Collection entries
- Opening Delimiter -

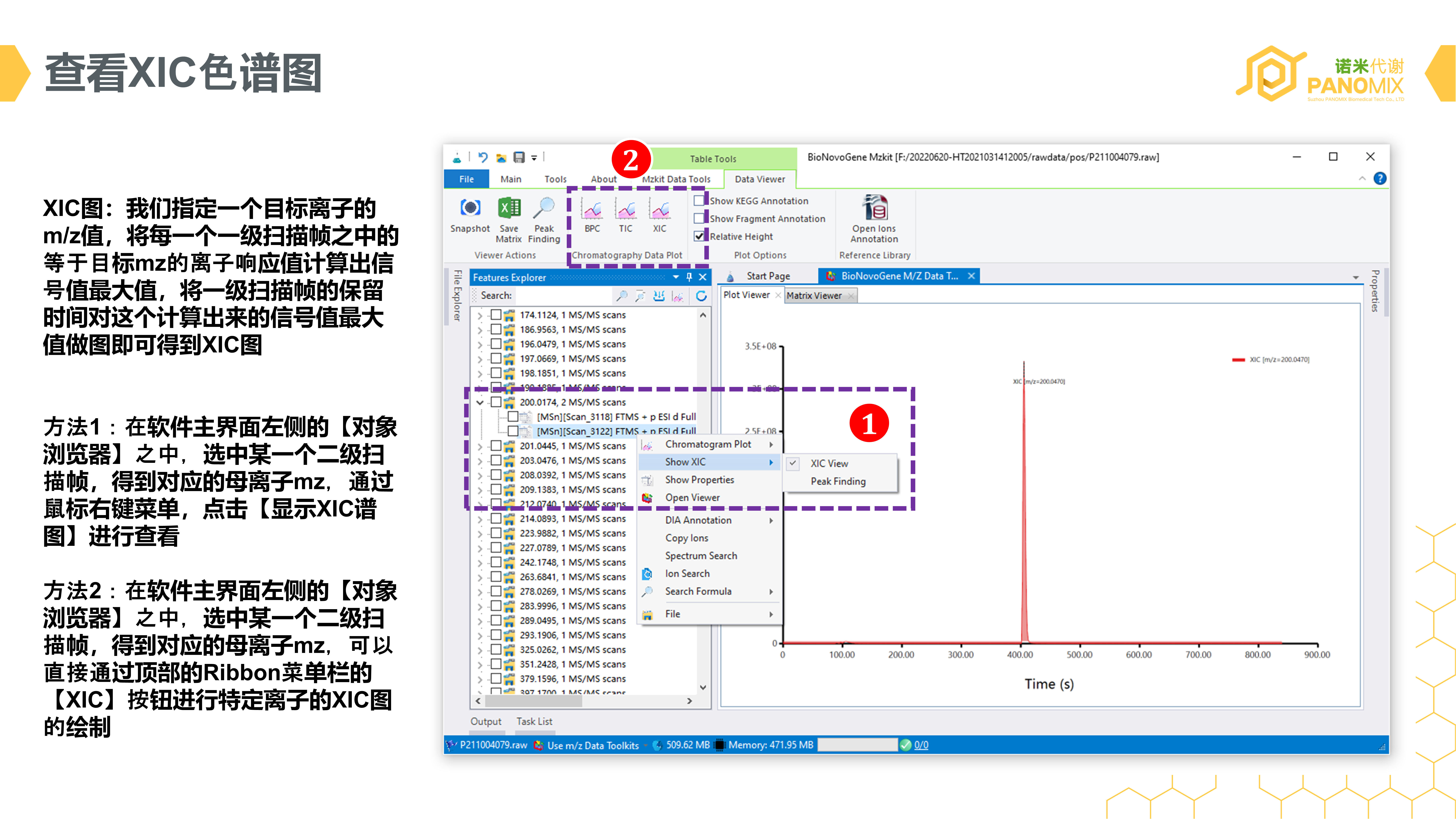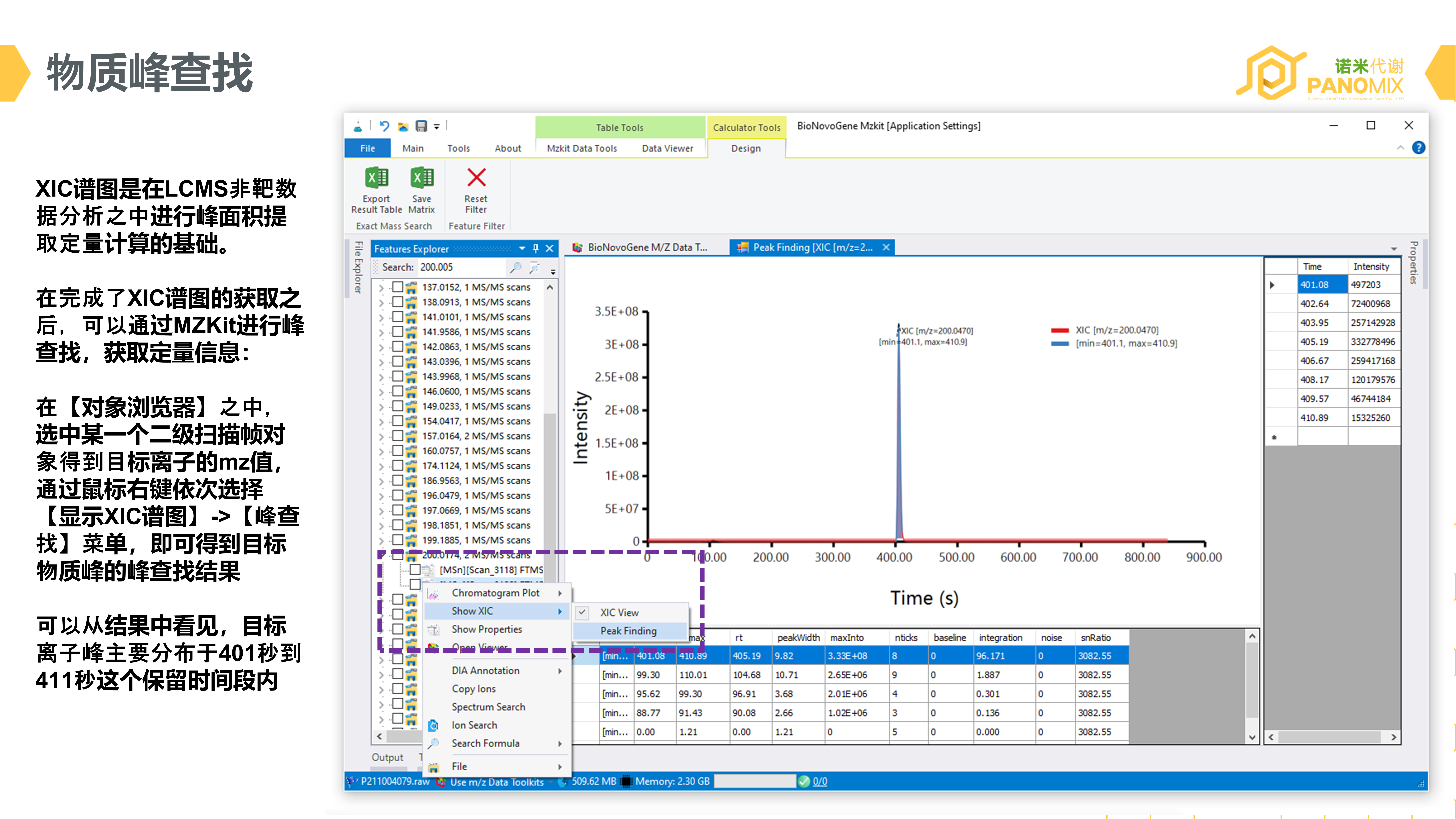基于上面的原理,我们可以在MZKit软件之中进行特定的XIC峰提取操作:
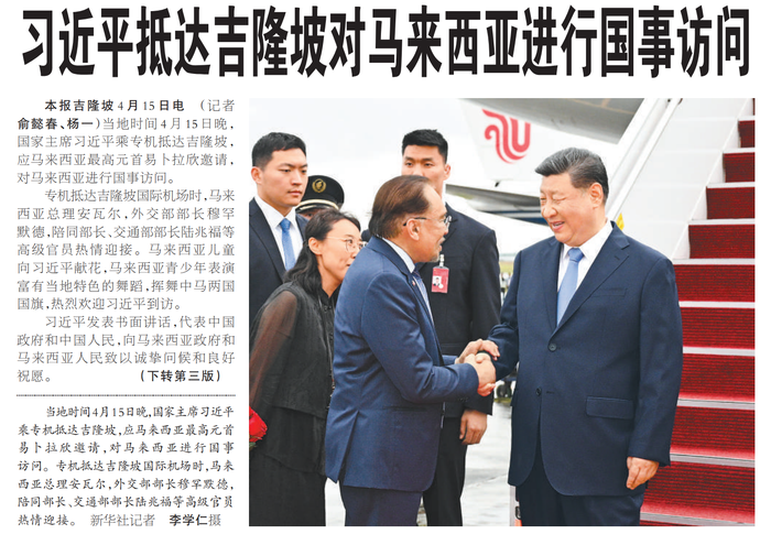当地时间4月15日晚,国家主席习近平乘专机抵达吉隆坡,应马来西亚最高元首易卜拉欣邀请,对马来西亚进行国事访问。(今日《人民日报》1版、3版)
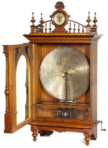 Disc Musical Box "Polyphon No. 105 U", c. 1900 For 24 1/2 in. discs. Manufactured by "Polyphon Musikwerke, Leipzig", coin-operated, 159 teeth in upright duplex comb (complete!), walnut case, original gallery with clock! With 10 discs! - A superb collector's item and exhibition piece!<Br>
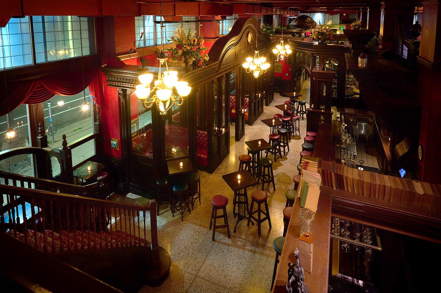Appropriate to its name, The Palace stretches throughout the back half of one side of the pub flanked by tall ceilings and glorious, rich carved woodwork.
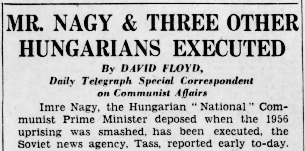 The Daily Herald, a British left-wing newspaper, denounced Russia in the strongest terms with a large rally held in London, organised by the Labour Party and trades unions, to express solidarity with the Hungarian people. The Guardian newspaper declared that Nagy’s death ended any hope among communists around the world that they could operate without Kremlin interference.
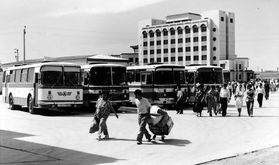 在滿洲里中俄互市貿易區,人們從俄羅斯巴士前走過。(2002年資料照片)
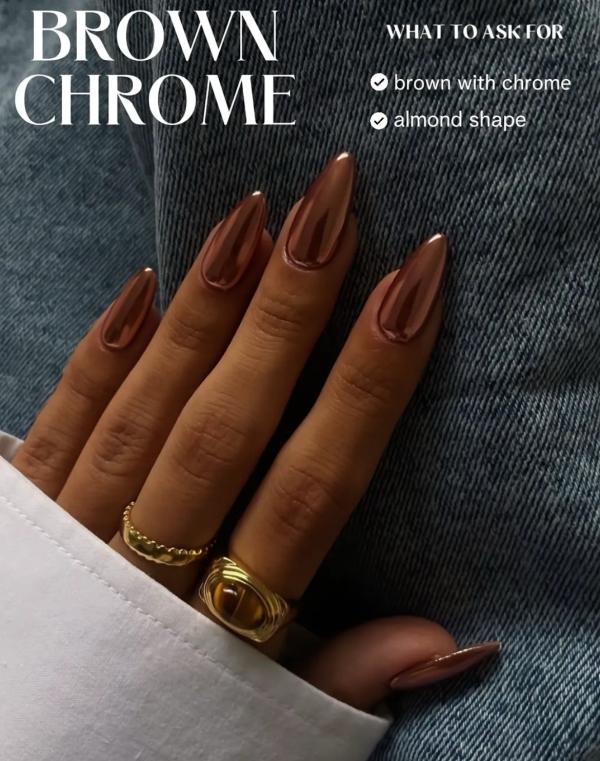 Nothing says fall quite like a deep brown with a glossy twist. Brown chrome nails bring warmth, elegance, and a hint of boldness all in one. Opt for an almond shape, coat it in a rich brown shade, and finish with a chrome powder to get that perfect reflective glow.
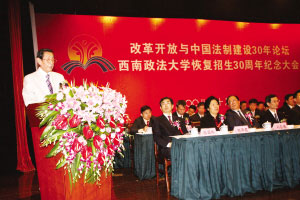 論壇伊始,張軒首先代表市委、市政府向各位領(lǐng)導(dǎo)和來(lái)賓表示熱烈的歡迎。她說(shuō):“改革開放30年來(lái),我國(guó)的民主法制建設(shè)取得了巨大的成就,這其中有西南政法大學(xué)及其學(xué)子們的一份可貴的貢獻(xiàn)!
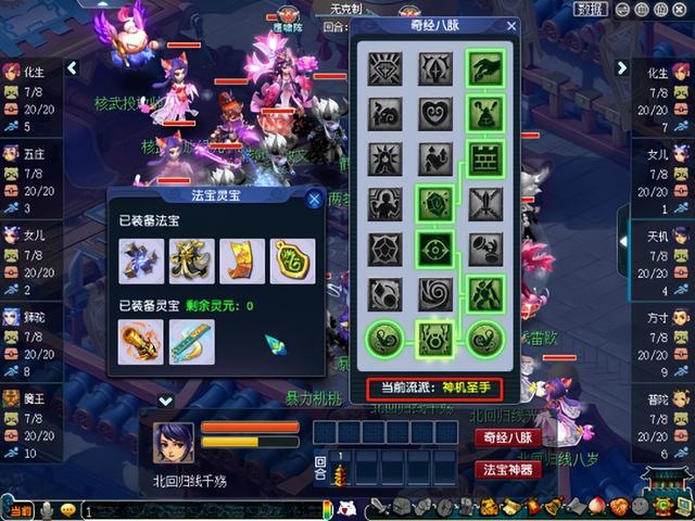 在上一次阵容试验失败后,北回归线痛定思痛,认真分析了自己阵容的不足,并在随后的比赛中将力天机城流派从“千机修罗”转为“神机圣手”,试图通过增加回复能力的方式补强阵容。或许是命运的使然,又或许是敢于争先的精神,这套新阵容的首战对手依然是以“女儿、五庄”为核心组成的“212”面伤阵容。
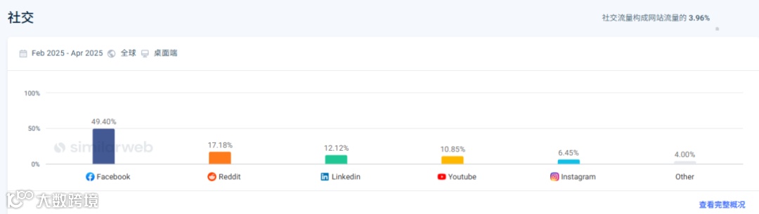 社交流量占总流量的15.64%,其中Facebook占据了近一半的社交流量,说明该网站在社交媒体上具有较强的影响力和用户互动能力。
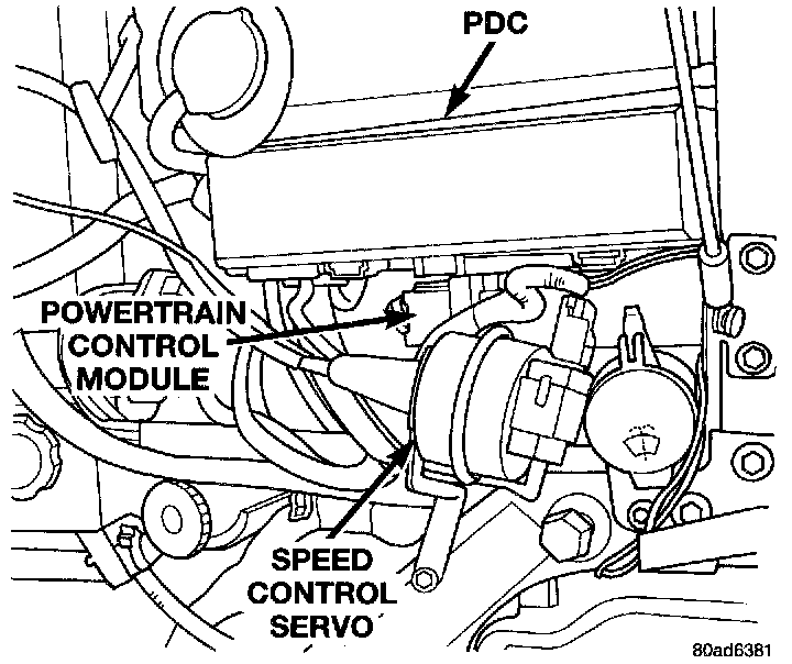 The Power Distribution Center (PDC) is located in the engine compartment (Fig. 1). The PDC contains the starter relay, radiator fan relay, A/C compressor clutch relay, auto shutdown relay, fuel pump relay and several fuses.
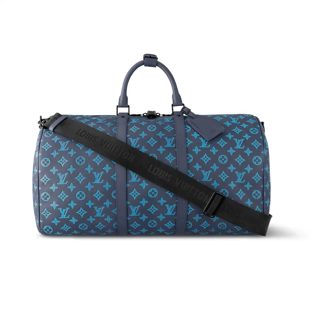 - The Keepall Bandoulière 50 in Monogram Shadow is a sophisticated and contemporary update to Louis Vuitton’s iconic Keepall bag. Crafted from luxurious Monogram Shadow canvas, it features a subtle, embossed Monogram pattern in a sleek, dark color palette, giving it a modern and elegant feel. The 50 size offers ample space for travel essentials, making it perfect for weekend trips or short getaways. With both top handles and an adjustable, detachable shoulder strap, the bag offers versatility and comfort for easy carrying. The combination of style, durability, and practicality makes the Monogram Shadow Keepall Bandoulière 50 an essential piece for any discerning traveler.
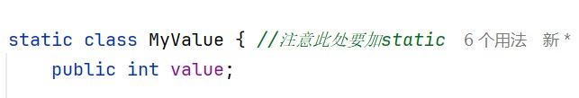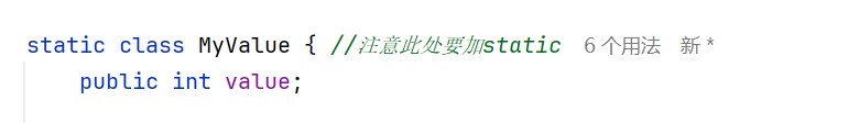 myvalue是定义在另一个类(假设是main类,因为有main方法)里面的内部类。 - 内部类默认是 “依赖外部类对象” 存在的(非静态内部类),它需要先有外部类的实例,才能创建自己的实例。(也就是说,如果把不加static,将这段代码放到外面,这串代码也是正确的)
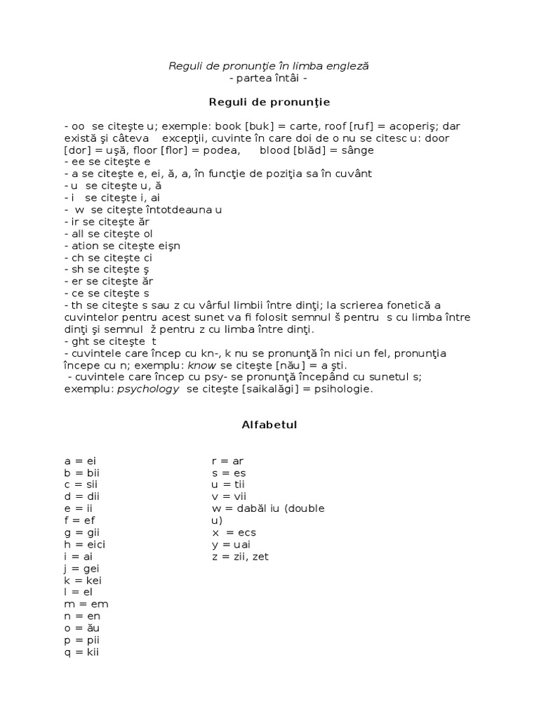 Reguli De Pronuntie Pdf In Limba Engleza Sunt Multe Exceptii Cand Vine Vorba De Pronuntie Sunt Si Cateva Reguli Generale Oo Se Citeste U Sh Se Course Hero

- Closing Delimiter -

> [EXERCISE OBJECTIVE]:
The expected output is every line of the data, unchanged, with the pictures skipped.

> [SOLUTION TO THIS EXERCISE]:
基于上面的原理,我们可以在MZKit软件之中进行特定的XIC峰提取操作:
当地时间4月15日晚,国家主席习近平乘专机抵达吉隆坡,应马来西亚最高元首易卜拉欣邀请,对马来西亚进行国事访问。(今日《人民日报》1版、3版)
 Disc Musical Box "Polyphon No. 105 U", c. 1900 For 24 1/2 in. discs. Manufactured by "Polyphon Musikwerke, Leipzig", coin-operated, 159 teeth in upright duplex comb (complete!), walnut case, original gallery with clock! With 10 discs! - A superb collector's item and exhibition piece!<Br>
Appropriate to its name, The Palace stretches throughout the back half of one side of the pub flanked by tall ceilings and glorious, rich carved woodwork.
 The Daily Herald, a British left-wing newspaper, denounced Russia in the strongest terms with a large rally held in London, organised by the Labour Party and trades unions, to express solidarity with the Hungarian people. The Guardian newspaper declared that Nagy’s death ended any hope among communists around the world that they could operate without Kremlin interference.
 在滿洲里中俄互市貿易區,人們從俄羅斯巴士前走過。(2002年資料照片)
 Nothing says fall quite like a deep brown with a glossy twist. Brown chrome nails bring warmth, elegance, and a hint of boldness all in one. Opt for an almond shape, coat it in a rich brown shade, and finish with a chrome powder to get that perfect reflective glow.
 論壇伊始,張軒首先代表市委、市政府向各位領(lǐng)導(dǎo)和來(lái)賓表示熱烈的歡迎。她說(shuō):“改革開放30年來(lái),我國(guó)的民主法制建設(shè)取得了巨大的成就,這其中有西南政法大學(xué)及其學(xué)子們的一份可貴的貢獻(xiàn)!
 在上一次阵容试验失败后,北回归线痛定思痛,认真分析了自己阵容的不足,并在随后的比赛中将力天机城流派从“千机修罗”转为“神机圣手”,试图通过增加回复能力的方式补强阵容。或许是命运的使然,又或许是敢于争先的精神,这套新阵容的首战对手依然是以“女儿、五庄”为核心组成的“212”面伤阵容。
 社交流量占总流量的15.64%,其中Facebook占据了近一半的社交流量,说明该网站在社交媒体上具有较强的影响力和用户互动能力。
 The Power Distribution Center (PDC) is located in the engine compartment (Fig. 1). The PDC contains the starter relay, radiator fan relay, A/C compressor clutch relay, auto shutdown relay, fuel pump relay and several fuses.
 - The Keepall Bandoulière 50 in Monogram Shadow is a sophisticated and contemporary update to Louis Vuitton’s iconic Keepall bag. Crafted from luxurious Monogram Shadow canvas, it features a subtle, embossed Monogram pattern in a sleek, dark color palette, giving it a modern and elegant feel. The 50 size offers ample space for travel essentials, making it perfect for weekend trips or short getaways. With both top handles and an adjustable, detachable shoulder strap, the bag offers versatility and comfort for easy carrying. The combination of style, durability, and practicality makes the Monogram Shadow Keepall Bandoulière 50 an essential piece for any discerning traveler.
 myvalue是定义在另一个类(假设是main类,因为有main方法)里面的内部类。 - 内部类默认是 “依赖外部类对象” 存在的(非静态内部类),它需要先有外部类的实例,才能创建自己的实例。(也就是说,如果把不加static,将这段代码放到外面,这串代码也是正确的)
 Reguli De Pronuntie Pdf In Limba Engleza Sunt Multe Exceptii Cand Vine Vorba De Pronuntie Sunt Si Cateva Reguli Generale Oo Se Citeste U Sh Se Course Hero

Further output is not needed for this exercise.